* **Data to process**:
■ ■ ■ ■ ■

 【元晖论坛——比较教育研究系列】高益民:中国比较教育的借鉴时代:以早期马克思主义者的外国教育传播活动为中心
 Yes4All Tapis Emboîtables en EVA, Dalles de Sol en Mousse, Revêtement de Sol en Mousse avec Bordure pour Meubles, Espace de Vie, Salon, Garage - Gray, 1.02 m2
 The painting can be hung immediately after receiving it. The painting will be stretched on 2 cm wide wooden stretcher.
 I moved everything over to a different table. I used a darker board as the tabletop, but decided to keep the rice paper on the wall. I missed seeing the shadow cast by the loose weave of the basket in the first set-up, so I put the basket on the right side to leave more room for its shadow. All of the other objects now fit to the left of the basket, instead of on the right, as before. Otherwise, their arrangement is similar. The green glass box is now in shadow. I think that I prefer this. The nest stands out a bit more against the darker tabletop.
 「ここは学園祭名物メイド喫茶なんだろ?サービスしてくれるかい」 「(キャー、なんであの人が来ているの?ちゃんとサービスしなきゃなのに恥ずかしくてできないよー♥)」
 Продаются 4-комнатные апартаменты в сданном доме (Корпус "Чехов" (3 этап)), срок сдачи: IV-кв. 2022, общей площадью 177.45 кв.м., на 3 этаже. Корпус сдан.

■ ■ ■ ■ ■

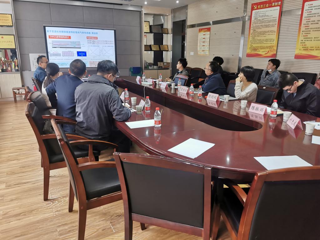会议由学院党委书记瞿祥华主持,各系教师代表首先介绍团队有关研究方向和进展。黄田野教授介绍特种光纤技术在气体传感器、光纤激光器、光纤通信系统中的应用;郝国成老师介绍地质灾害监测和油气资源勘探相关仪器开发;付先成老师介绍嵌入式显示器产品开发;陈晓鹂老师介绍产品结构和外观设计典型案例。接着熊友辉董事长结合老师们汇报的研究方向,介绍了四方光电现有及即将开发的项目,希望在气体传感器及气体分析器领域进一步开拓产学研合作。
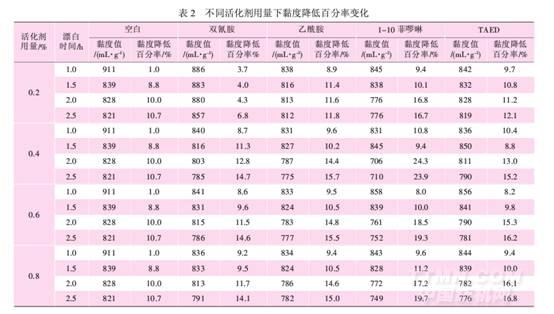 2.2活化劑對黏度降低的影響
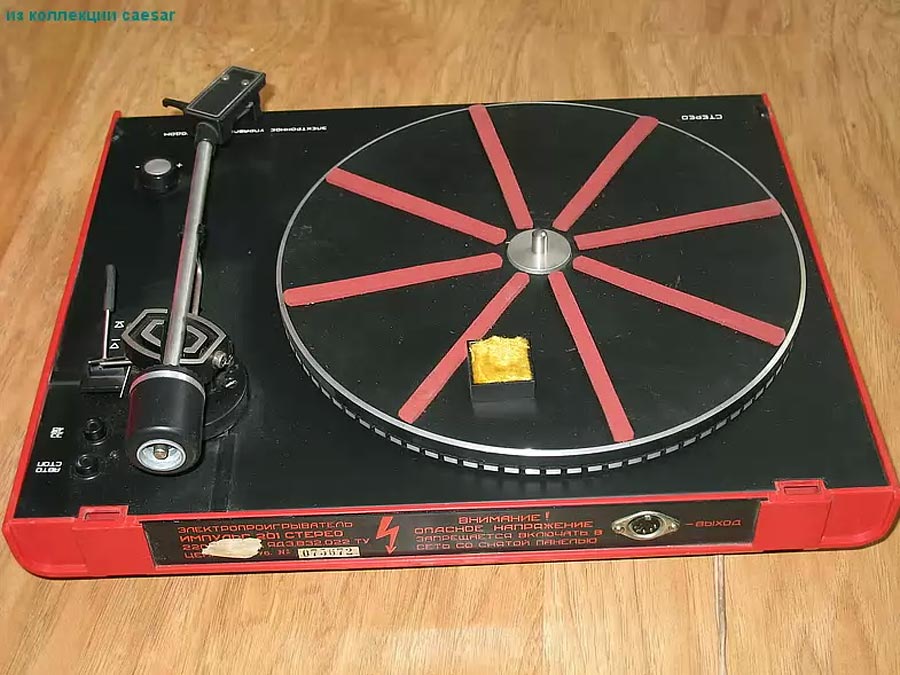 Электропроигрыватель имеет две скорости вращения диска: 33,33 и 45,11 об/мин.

■ ■ ■ ■ ■

* **Exercise brief**: Output exactly the lines above, from the line with "会议由学院党委书记瞿祥华主持" to the line with "Электропроигрыватель имеет две", both included; skip the pictures.

* **The answer**:
会议由学院党委书记瞿祥华主持,各系教师代表首先介绍团队有关研究方向和进展。黄田野教授介绍特种光纤技术在气体传感器、光纤激光器、光纤通信系统中的应用;郝国成老师介绍地质灾害监测和油气资源勘探相关仪器开发;付先成老师介绍嵌入式显示器产品开发;陈晓鹂老师介绍产品结构和外观设计典型案例。接着熊友辉董事长结合老师们汇报的研究方向,介绍了四方光电现有及即将开发的项目,希望在气体传感器及气体分析器领域进一步开拓产学研合作。
 2.2活化劑對黏度降低的影響
 Электропроигрыватель имеет две скорости вращения диска: 33,33 и 45,11 об/мин.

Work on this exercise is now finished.